The Labour Party is to run a negative advertising campaign in the new
year, spelling out its ‘nightmare vision’ of the UK under the Tories
should they win a fifth term.
Although Labour chiefs condemned M&C Saatchi’s ‘New Labour. New Danger’
blitz for the Conservative Party, it appears to have provoked the party
into attempting equally negative advertising. Labour chiefs have asked
BMP DDB to produce proposals for the campaign.
A senior Labour source admitted: ‘We will go negative in the new year.
We want people to think how they would feel if they wake up the day
after polling and realise John Major is still Prime Minister.’
The plan prompted charges of ‘hypocrisy’ from Tories. One said: ‘Labour
seems to be mimicking the 1992 Saatchi and Saatchi work.’
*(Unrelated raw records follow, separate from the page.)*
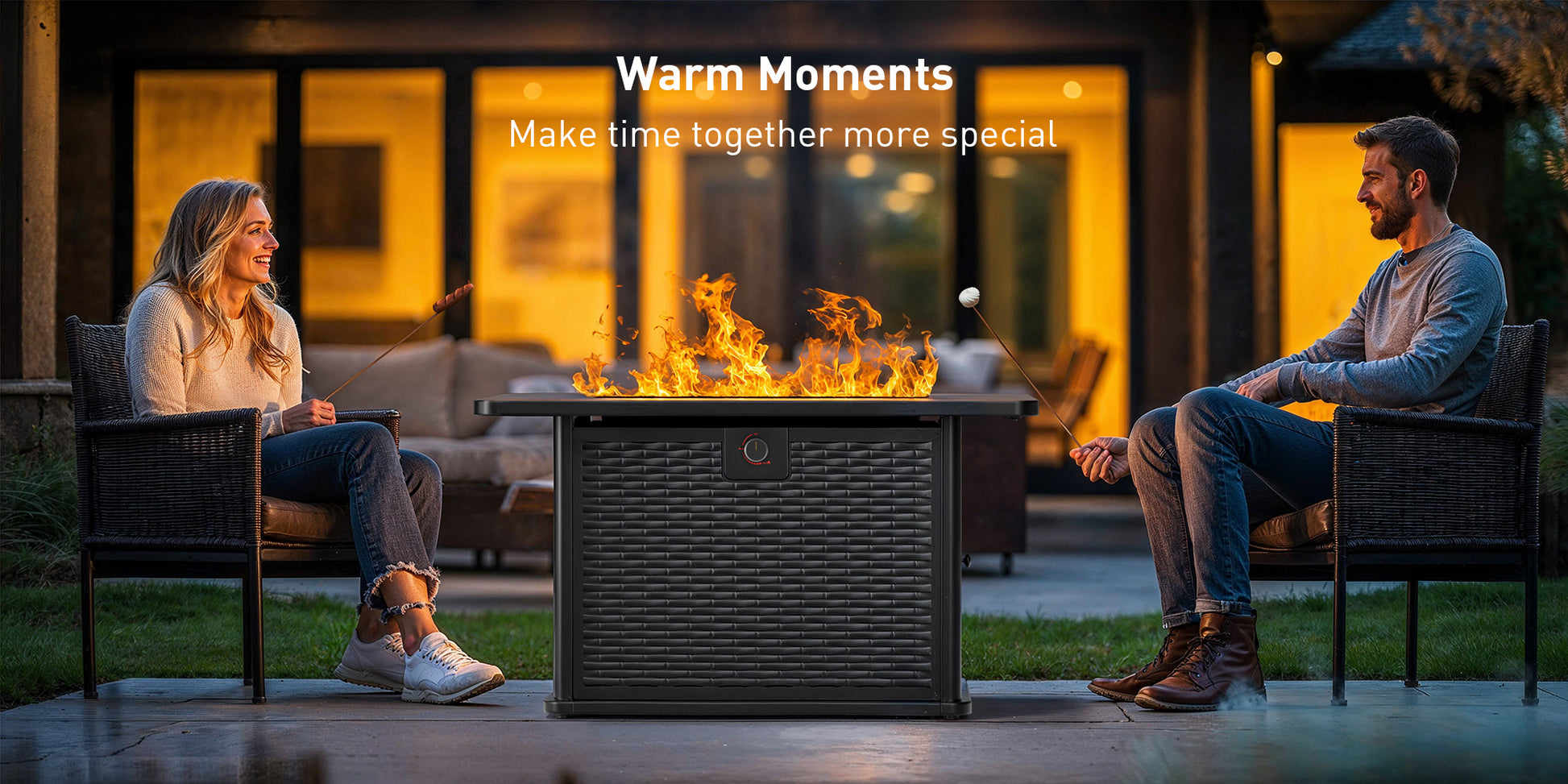 - 【Sleek & Durable Outdoor Design】Elevate your outdoor space with this sleek propane fire pit table, crafted with durable PE wicker panels and a stainless steel frame for long-lasting style. Whether placed on your patio, deck, or by the pool, this fire pit doubles as a stylish centerpiece for any setting.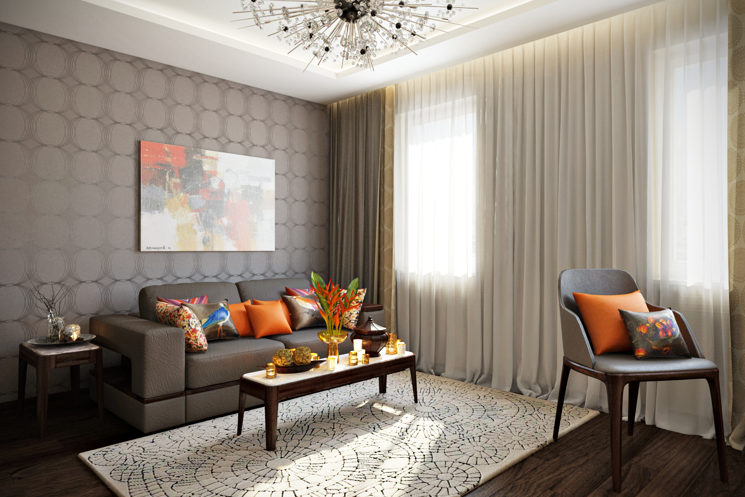 Il n'est pas nécessaire de concevoir le salon exclusivement dans des couleurs vives. Des accents lumineux apporteront vie et énergie à la décoration intérieure.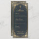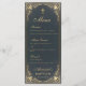 This elegant vintage baptism menu with a vintage air, recommended for a boy's christening, has on both sides a golden baroque decorative frame on a dark blue background. The name, the title "Menu" and the subtitles are written in an elegant calligraphic script. All text can be personalized and has a golden color similar to the golden frame. There is a (faux) gold cross above the text.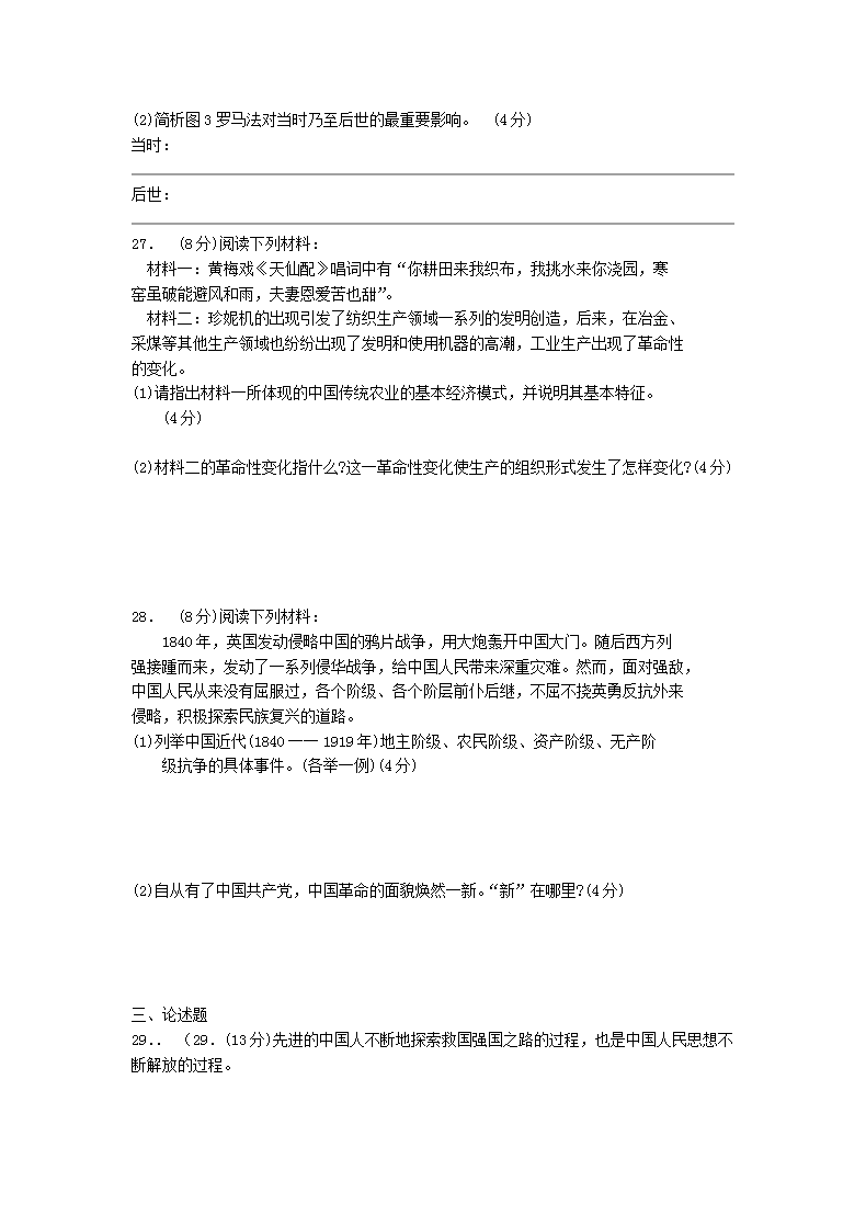 【文档名称】 2016年宁夏普通高中会考历史真题(Word版).doc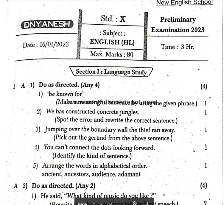 DNYANESH NEW ENGLISH SCHOOL (ENG) View all papers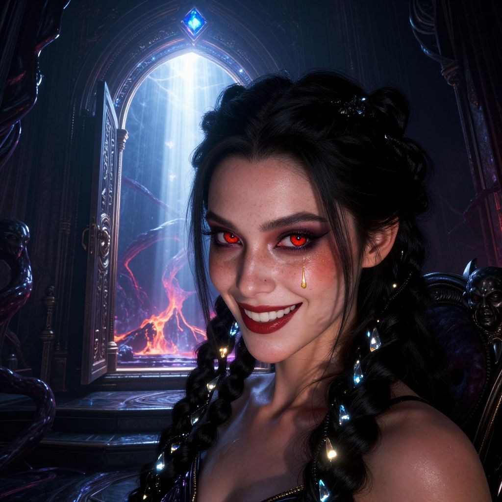 (((full body:3))), a soul eater basking in a beam of celestial light piercing through a dark and gloomy room in the warlock's castle. Behind her, a portal shimmers, its arch glowing with sapphires and engraved silver runes. The portal door stands open, revealing a glimpse of a sultry, volcanic hell-scape. Eerie tendrils of darkness and liquid metal snake from the portal, adding to the unsettling atmosphere.black hair:1, Playful shadows dance across the soul eater's face, highlighting a dusting of sun-kissed freckles and iridescent party makeup. A single teardrop of molten gold traces a path down her cheek. Her majestic braids, woven with strands of obsidian and imbued with an inner glow, cascade down her back. Incredibly detailed close-up, focus on a mischievous grin that hints at both playful cruelty and undeniable charisma. Her piercing eyes, like pools of molten ruby, radiate an otherworldly allure. Casting seat, adorned with demonic visages and crafted from obsidian, hints at her power.futuristic, scifi, intricate, elegant, majestic, Masterpiece;highly detailed; extreme, octane render, zbrush, blender, 3d, post-processing, HDR; lightning; volumetric; cinematic; ray tracing; RTX;radiant light rays, subsurface scattering, soft edge lighting, realistic shadows; vibrant colors, high-res, 8k, 16k, 32k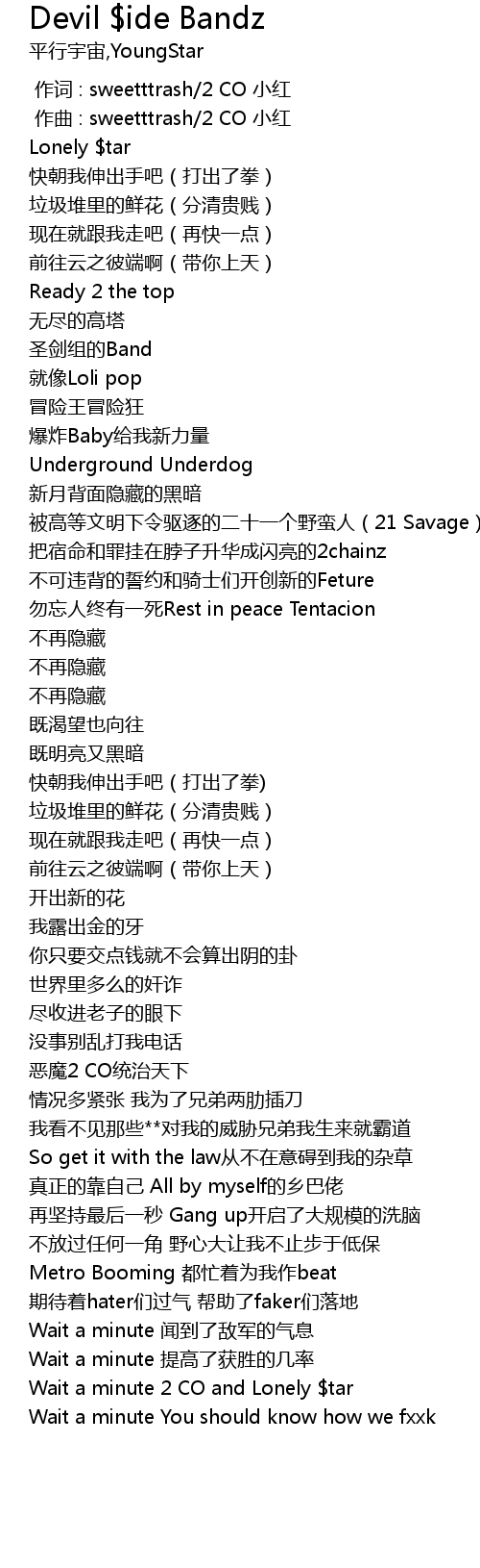 | [00:00.000] | 作词 : sweetttrash/2 CO 小红 |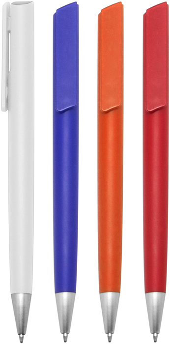 Plástico. Cuerpo color. Clip pulsador y puntera color plata. Tinta negra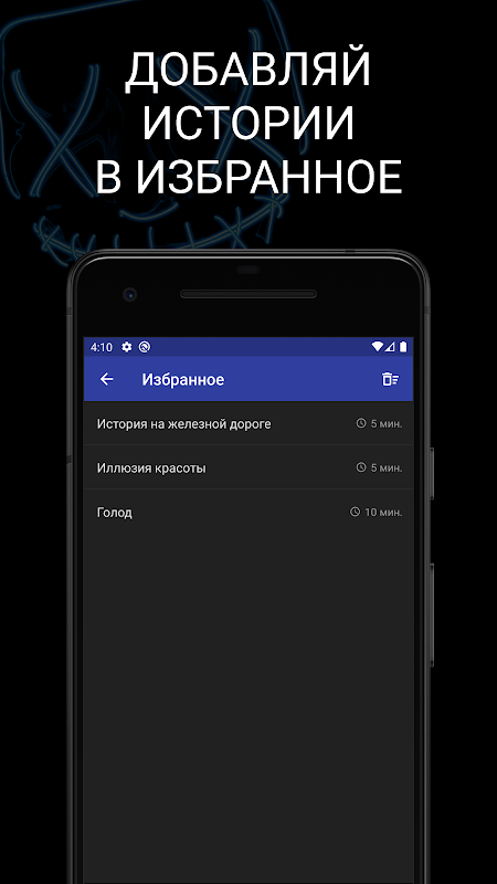 - С нашим приложением у вас есть возможность читать страшилки без интернета каждый день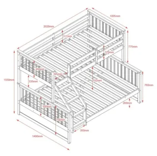Litera de madera con cama de matrimonio abajo y cama individual arriba. Incluye escalera lateral. - Estructura robusta de madera. - Posibilidad de hacerse 2 camas independientes (una de 1,35 y otra de 0,90). * Se entrega desmontada con las instrucciones de montaje. Precio original: 459€ Año de compra: 2024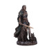 Freya is a goddess in ancient Norse mythology, most often associated with love, war and fertility. Here she can be seen with her trustee companions, ready for battle, with a sword firmly gripped in her hand and a shield resting upon her leg. Making this the perfect product for any alternative home or mythological collection.
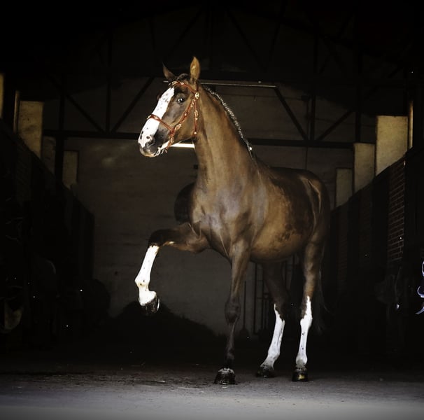 ✨ Außergewöhnliches Palomino-Talent – Präsenz, Kraft und Reitbarkeit ✨ Ein wirklich auffälliger Schokoladen-Palomino-Geländesohn, fast 5 Jahre alt, mit beeindruckender Größe von ca. 1,73 m, der Größe, Ausdruck und außergewöhnliche natürliche Fähigkeiten vereint. Dieses Pferd fällt sofort durch seine beeindruckenden Bewegungen auf, mit einer natürlichen aufwärtsgerichteten Gangart und einem hervorragend ausbalancierten, kraftvollen Galopp, der sowohl Qualität als auch Reitbarkeit bietet. Er zeigt exzellente Koordination, Elastizität und Präsenz. Neben seinen physischen Qualitäten ist sein Charakter einfach außergewöhnlich. Extrem freundlich, willig und zuverlässig ist er ein Pferd, das Vertrauen aufbaut und eine echte Partnerschaft mit seinem Reiter schafft. Für absolut jeden Reitertyp leicht zu handeln. Er ist bereits gut im Gelände erfahren und wurde in allen möglichen Umgebungen geritten: – Berge – Waldwege – Offene Landschaften – Strandritte Nichts bringt ihn aus der Ruhe – er bleibt ruhig, konzentriert und kooperativ, was ihn zu einem vertrauenswürdigen Partner in jeder Situation macht. Seine Einzigartigkeit unterstreicht er durch außergewöhnliche Abzeichen auf seinem Körper, die seine bereits beeindruckende Präsenz noch verstärken. ✨ Wichtige Highlights: 🐴 Palomino-Schokolade mit außergewöhnlicher Präsenz 🐴 Hervorragend ausbalancierter Galopp 🐴 Tremendous mover mit natürlichem aufwärtsgerichtetem Gleichgewicht 🐴 Beginn des spanischen Schritts 🐴 Sitz- und Seitengänge im Anfangsstadium (super intelligent) 🐴 Außergewöhnlich freundliches Wesen 🐴 Für jeden Reitertyp leicht zu handhaben 🐴 Erfahrung in allen Umgebungen (Berge, Wald, Strand) 🐴 Sicher und zuverlässig in jeder Situation 🐴 Einzigartige Abzeichen am ganzen Körper Eine seltene Kombination aus Größe, Bewegung, Intelligenz, Temperament und Schönheit – ein Pferd mit großem Potenzial für die Zukunft.

Labour says its new offensive will be dwarfed by the continuing Tory
blitz, said to include a heavy poster presence from January through to
the general election.
M&C Saatchi is developing fresh ideas for the ‘new danger’ campaign.
Although it will warn of higher taxes under Labour, it is unlikely to
bring back the ‘tax bombshell’ which worked in 1992.
Tory officials say the party’s campaign will be ‘50 per cent positive
and 50 per cent attacking Labour’.
The latest row between the parties came as a spokesman for Foote Cone
Belding announced that its twice-weekly ‘mind and mood’ focus groups
suggested that the ‘demon eyes’ ad, depicting Tony Blair with ‘devil’
eyes had backfired. FCB said it was only liked by Tory loyalists, while
it was seen as ‘desperate’ by other voters.
But Tories took comfort from a leaked survey of Labour focus groups in
Scotland that concluded that the ‘demon eyes’ work had a strong impact.
The report, by the polling company, System Three, said Labour needed
dramatic advertising to capture the public’s imagination.